- [DATA]
"""

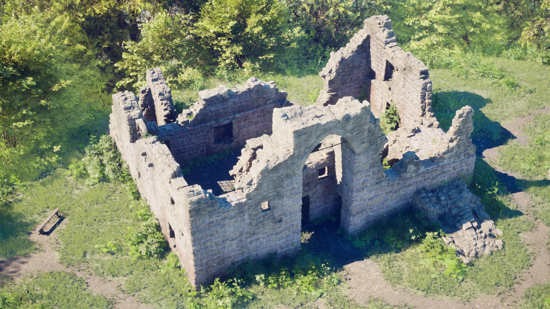 I used a combination of basic blocks (displaced with Megascans textures) and ruin pieces generated from photos on Meshy.
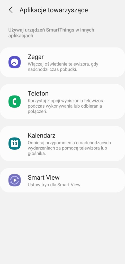 Listę obsługiwanych aplikacji i urządzeń Galaxy można również znaleźć w aplikacji towarzyszącej SmartThings.
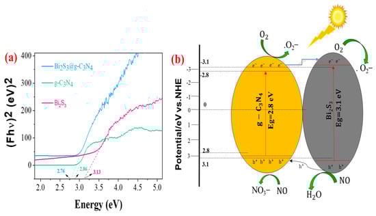 Figure 6 shows the optical analysis of the prepared composites. The band gap of the synthesized photocatalyst is shown in Figure 6a, which defined the electric conductivity of the photocatalysts. The Tauc method was introduced to determine the band gap of the photocatalyst. Based on the relationship between the Eg and the optical absorption, the band gap energies of the Bi2S3, g-C3N4, and Bi2S3@g-C3N4 were evaluated. A wider band gap is reduced through the doping of metal oxides. The band gap of the Bi2S3@g-C3N4, observed as 2.76 eV, was the gap between the bonding molecular orbitals and the antibonding molecular orbitals. The doping process, by adding Bi2S3 and g-C3N4, altered the Fermi level, replaced the CB in g-C3N4, and replaced the VB in Bi2S3, which narrowed the distance between the CB and VB. In addition, these dopant atom orbitals acted as intermediate states or bridged the gap between the valence and conduction band of electrons of the Bi2S3 and g-C3N4, some new bonds were formed, and the number of molecular orbitals increased resulting in shorter energy for electronic transitions (a lower bandgap). Furthermore, a smaller particle size led to enhanced electron transfer properties, preventing electron–hole recombination and reducing the band gap of the composite, thereby increasing the photocatalytic activity. When the band gap was reduced, excitation occurred at lower irradiation powers. The determined energy band gap was estimated as 2.86 eV and 3.1 eV for the g-C3N4 and Bi2S3, respectively, while for the Bi2S3@g-C3N4, it was estimated as 2.76 eV. Figure 6a shows the observed band gaps as compared to the Bi2S3 and g-C3N4; the Bi2S3@g-C3N4 showed an improvement in light absorption, electron level structure, surface area, particle size, and morphology. The Eg of the Bi2S3@g-C3N4 corresponded less to the Bi2S3 and g-C3N4, which showed the potential for photocatalytic activity. The nanojunction of the Bi2S3 and g-C3N4 was advantageous for utilizing and absorbing the solar light, which was the cause of the formation of more electrons and performed as a good photocatalyst. For the photocatalytic mechanism of the prepared heterojunction composites shaped by the junction of the Bi2S3 and g-C3N4 shown in Figure 6b, both composites contributed a supportive platform to carry the photogenerated charge carriers from the valence band (VB) to the conduction band (CB) of the Bi2S3 and g-C3N4. When the Bi2S3 and g-C3N4 became excited under solar light, a photoinduced electron–hole pair was generated. In the Bi2S3, the electrons at the CB recombined rapidly with the holes at the VB of the g-C3N4 due to the synergistic effects of an inner electric field, Coulomb interaction, and band bending; during this time, the functional electrons and holes remained attached to the CB and VB of the g-C3N4 and the Bi2S3, respectively, for participation in the redox reaction. Based on the result, the charge carriers were efficiently separated and utilized, and the heterojunction photocatalyst boosted the photocatalytic activity, which was notably improved.

"""

- [TASK DESCRIPTION] Write the listing out again in full and unchanged, minus any pictures.

- [EXERCISE OUTPUT]
 I used a combination of basic blocks (displaced with Megascans textures) and ruin pieces generated from photos on Meshy.
 Listę obsługiwanych aplikacji i urządzeń Galaxy można również znaleźć w aplikacji towarzyszącej SmartThings.
 Figure 6 shows the optical analysis of the prepared composites. The band gap of the synthesized photocatalyst is shown in Figure 6a, which defined the electric conductivity of the photocatalysts. The Tauc method was introduced to determine the band gap of the photocatalyst. Based on the relationship between the Eg and the optical absorption, the band gap energies of the Bi2S3, g-C3N4, and Bi2S3@g-C3N4 were evaluated. A wider band gap is reduced through the doping of metal oxides. The band gap of the Bi2S3@g-C3N4, observed as 2.76 eV, was the gap between the bonding molecular orbitals and the antibonding molecular orbitals. The doping process, by adding Bi2S3 and g-C3N4, altered the Fermi level, replaced the CB in g-C3N4, and replaced the VB in Bi2S3, which narrowed the distance between the CB and VB. In addition, these dopant atom orbitals acted as intermediate states or bridged the gap between the valence and conduction band of electrons of the Bi2S3 and g-C3N4, some new bonds were formed, and the number of molecular orbitals increased resulting in shorter energy for electronic transitions (a lower bandgap). Furthermore, a smaller particle size led to enhanced electron transfer properties, preventing electron–hole recombination and reducing the band gap of the composite, thereby increasing the photocatalytic activity. When the band gap was reduced, excitation occurred at lower irradiation powers. The determined energy band gap was estimated as 2.86 eV and 3.1 eV for the g-C3N4 and Bi2S3, respectively, while for the Bi2S3@g-C3N4, it was estimated as 2.76 eV. Figure 6a shows the observed band gaps as compared to the Bi2S3 and g-C3N4; the Bi2S3@g-C3N4 showed an improvement in light absorption, electron level structure, surface area, particle size, and morphology. The Eg of the Bi2S3@g-C3N4 corresponded less to the Bi2S3 and g-C3N4, which showed the potential for photocatalytic activity. The nanojunction of the Bi2S3 and g-C3N4 was advantageous for utilizing and absorbing the solar light, which was the cause of the formation of more electrons and performed as a good photocatalyst. For the photocatalytic mechanism of the prepared heterojunction composites shaped by the junction of the Bi2S3 and g-C3N4 shown in Figure 6b, both composites contributed a supportive platform to carry the photogenerated charge carriers from the valence band (VB) to the conduction band (CB) of the Bi2S3 and g-C3N4. When the Bi2S3 and g-C3N4 became excited under solar light, a photoinduced electron–hole pair was generated. In the Bi2S3, the electrons at the CB recombined rapidly with the holes at the VB of the g-C3N4 due to the synergistic effects of an inner electric field, Coulomb interaction, and band bending; during this time, the functional electrons and holes remained attached to the CB and VB of the g-C3N4 and the Bi2S3, respectively, for participation in the redox reaction. Based on the result, the charge carriers were efficiently separated and utilized, and the heterojunction photocatalyst boosted the photocatalytic activity, which was notably improved.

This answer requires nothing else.